Brief = When you reach the line that contains "Si queremos añadir" in the data below, start reproducing lines exactly, and stop after the line that contains "Saco de café".
START Data records
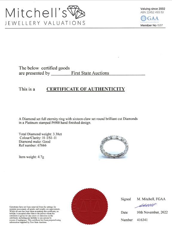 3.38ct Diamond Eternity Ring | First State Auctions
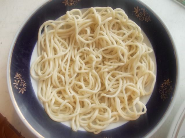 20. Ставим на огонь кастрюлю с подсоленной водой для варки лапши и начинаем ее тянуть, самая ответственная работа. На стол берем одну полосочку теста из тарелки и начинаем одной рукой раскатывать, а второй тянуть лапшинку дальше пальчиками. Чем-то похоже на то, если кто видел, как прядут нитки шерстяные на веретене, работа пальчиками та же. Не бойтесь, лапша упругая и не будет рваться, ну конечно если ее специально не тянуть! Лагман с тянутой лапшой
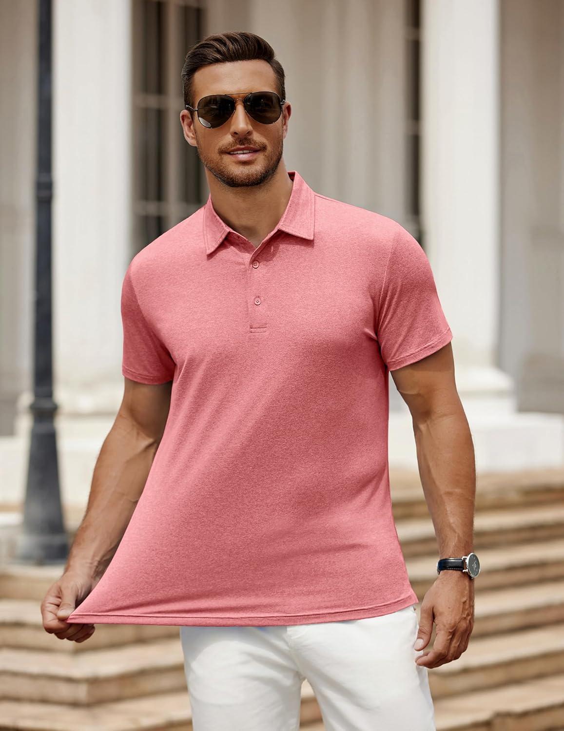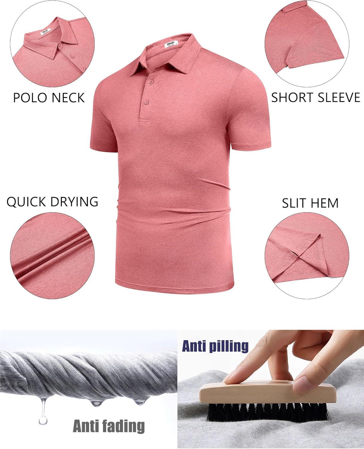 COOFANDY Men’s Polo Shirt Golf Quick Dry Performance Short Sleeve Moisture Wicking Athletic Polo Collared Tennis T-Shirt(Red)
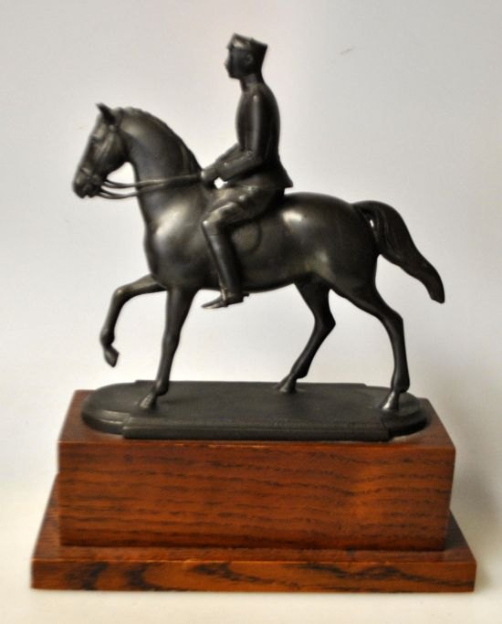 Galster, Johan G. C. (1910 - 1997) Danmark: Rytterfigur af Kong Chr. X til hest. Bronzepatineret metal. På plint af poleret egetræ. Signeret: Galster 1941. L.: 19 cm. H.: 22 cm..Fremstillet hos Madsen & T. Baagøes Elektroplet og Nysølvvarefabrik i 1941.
END Data records
START Data records
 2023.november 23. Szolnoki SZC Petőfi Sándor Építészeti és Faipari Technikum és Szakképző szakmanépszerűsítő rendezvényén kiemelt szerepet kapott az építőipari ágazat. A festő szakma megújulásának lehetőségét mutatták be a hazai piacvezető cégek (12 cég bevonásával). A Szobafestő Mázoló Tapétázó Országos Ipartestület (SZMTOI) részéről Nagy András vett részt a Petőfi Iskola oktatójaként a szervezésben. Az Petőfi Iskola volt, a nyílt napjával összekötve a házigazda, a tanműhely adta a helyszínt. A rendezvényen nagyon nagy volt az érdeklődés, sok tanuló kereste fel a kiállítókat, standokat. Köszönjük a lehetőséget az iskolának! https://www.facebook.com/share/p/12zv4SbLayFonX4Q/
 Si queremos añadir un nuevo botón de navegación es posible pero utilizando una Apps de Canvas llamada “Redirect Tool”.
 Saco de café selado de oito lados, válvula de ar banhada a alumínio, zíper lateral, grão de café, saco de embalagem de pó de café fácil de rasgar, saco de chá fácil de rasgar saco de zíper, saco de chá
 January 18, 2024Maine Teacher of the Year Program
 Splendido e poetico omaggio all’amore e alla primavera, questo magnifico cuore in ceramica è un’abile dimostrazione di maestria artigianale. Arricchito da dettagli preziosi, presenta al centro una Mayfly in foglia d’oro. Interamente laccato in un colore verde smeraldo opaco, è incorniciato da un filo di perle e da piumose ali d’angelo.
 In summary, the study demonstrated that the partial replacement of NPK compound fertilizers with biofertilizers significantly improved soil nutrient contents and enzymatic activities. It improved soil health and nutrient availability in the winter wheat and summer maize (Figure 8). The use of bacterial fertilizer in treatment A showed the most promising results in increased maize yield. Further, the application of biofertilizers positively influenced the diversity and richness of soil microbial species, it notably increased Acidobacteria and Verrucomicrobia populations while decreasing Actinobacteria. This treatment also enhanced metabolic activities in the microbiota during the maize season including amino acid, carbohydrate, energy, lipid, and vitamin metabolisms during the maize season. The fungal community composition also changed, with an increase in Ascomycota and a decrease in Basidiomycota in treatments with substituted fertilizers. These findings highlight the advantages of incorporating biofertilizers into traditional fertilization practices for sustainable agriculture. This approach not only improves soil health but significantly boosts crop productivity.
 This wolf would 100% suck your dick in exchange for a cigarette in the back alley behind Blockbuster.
END Data records
START Data records
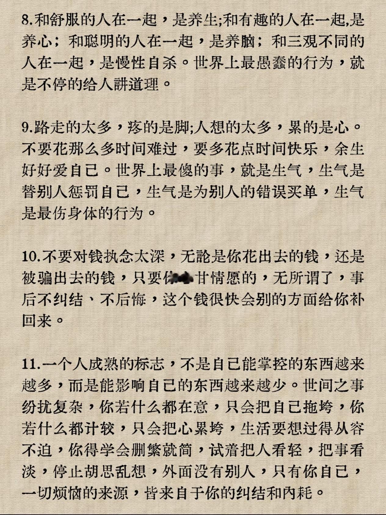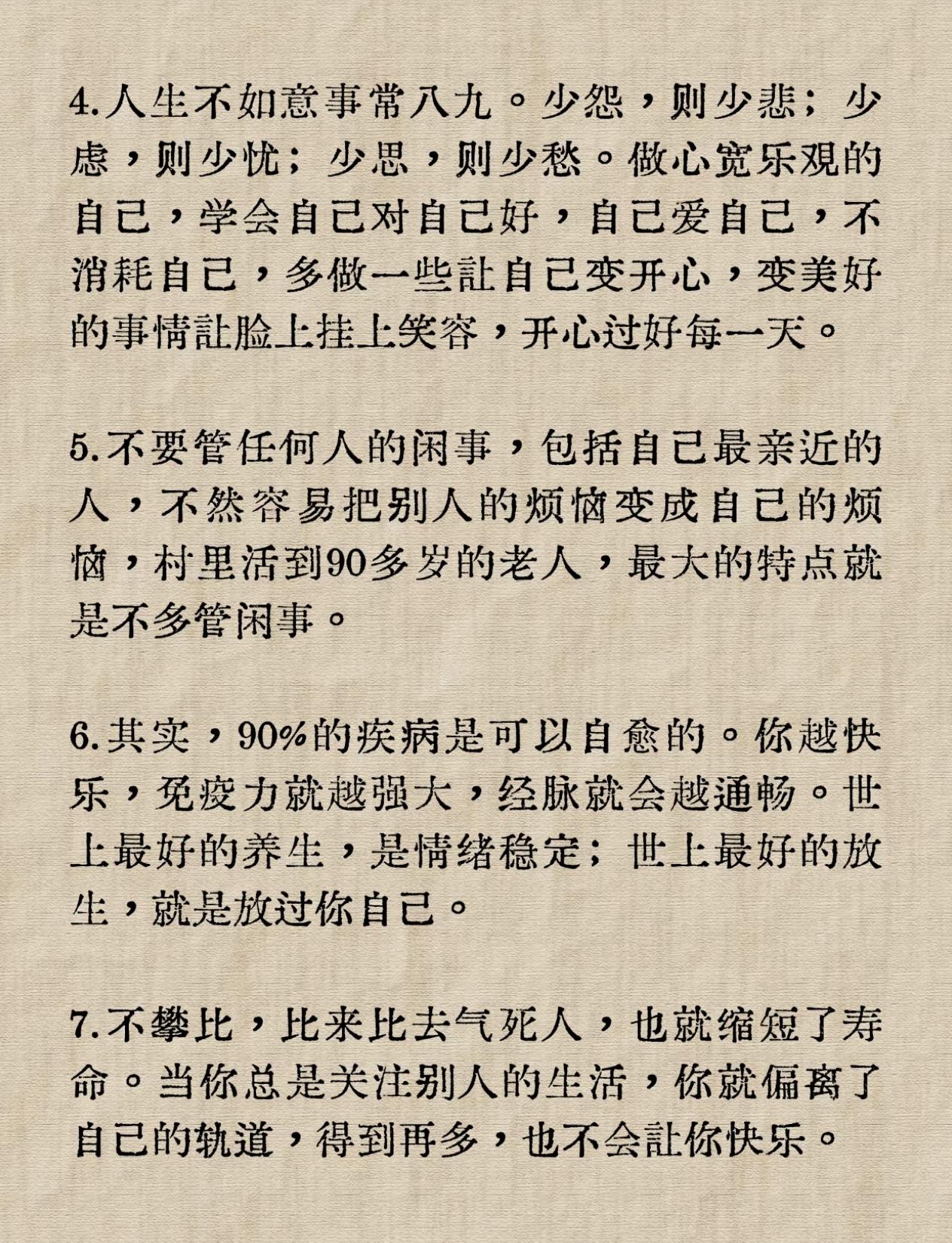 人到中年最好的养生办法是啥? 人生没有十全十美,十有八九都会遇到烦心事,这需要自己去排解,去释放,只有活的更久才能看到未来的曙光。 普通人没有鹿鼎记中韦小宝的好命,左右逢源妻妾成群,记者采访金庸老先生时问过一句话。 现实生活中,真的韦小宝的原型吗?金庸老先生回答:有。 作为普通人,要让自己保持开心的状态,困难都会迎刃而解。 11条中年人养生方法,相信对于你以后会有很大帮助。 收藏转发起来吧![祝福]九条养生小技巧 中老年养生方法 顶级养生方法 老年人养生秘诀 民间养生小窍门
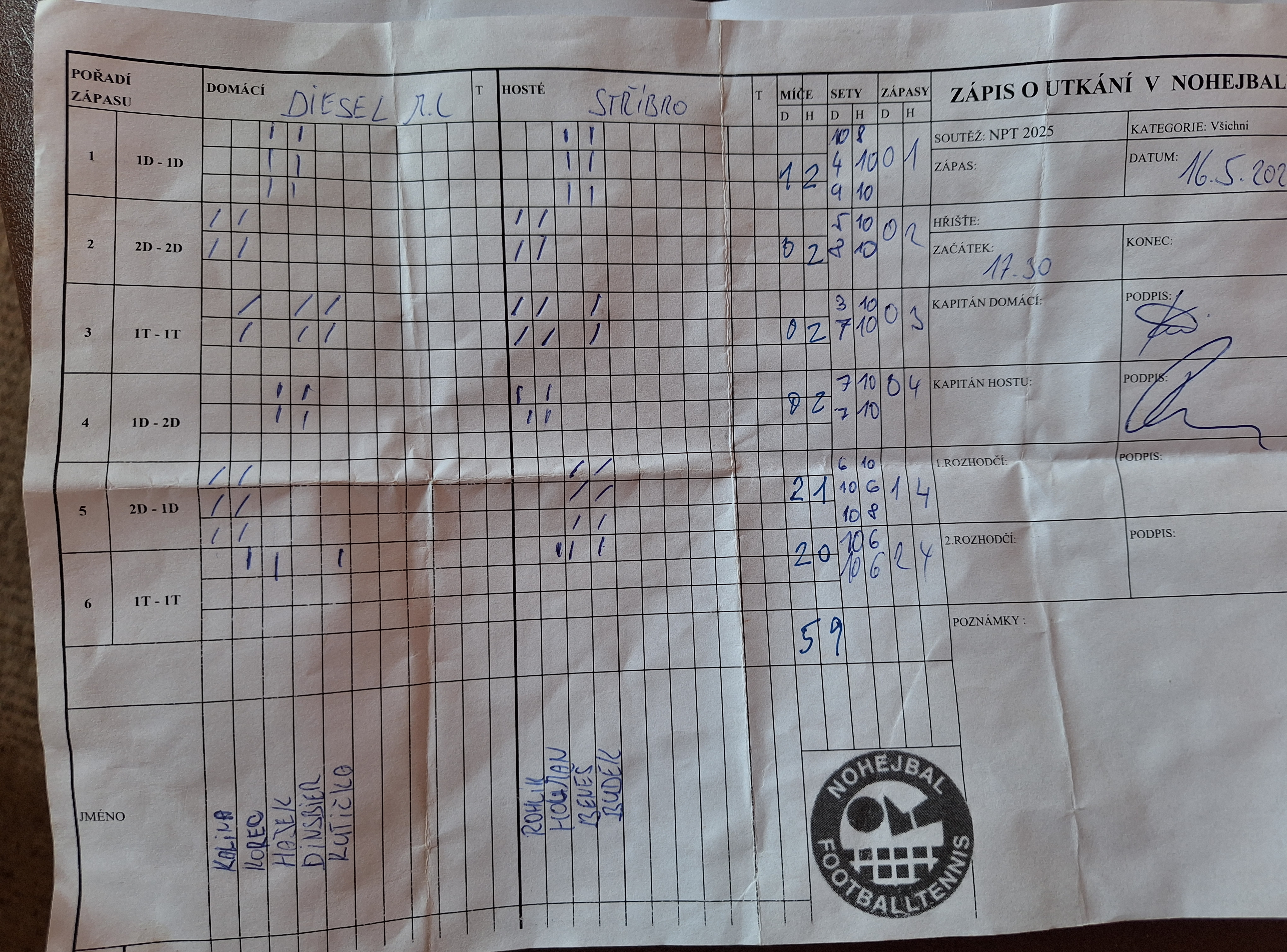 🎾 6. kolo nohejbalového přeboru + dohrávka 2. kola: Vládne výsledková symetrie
END Data records
Task answer =
 Si queremos añadir un nuevo botón de navegación es posible pero utilizando una Apps de Canvas llamada “Redirect Tool”.
 Saco de café selado de oito lados, válvula de ar banhada a alumínio, zíper lateral, grão de café, saco de embalagem de pó de café fácil de rasgar, saco de chá fácil de rasgar saco de zíper, saco de chá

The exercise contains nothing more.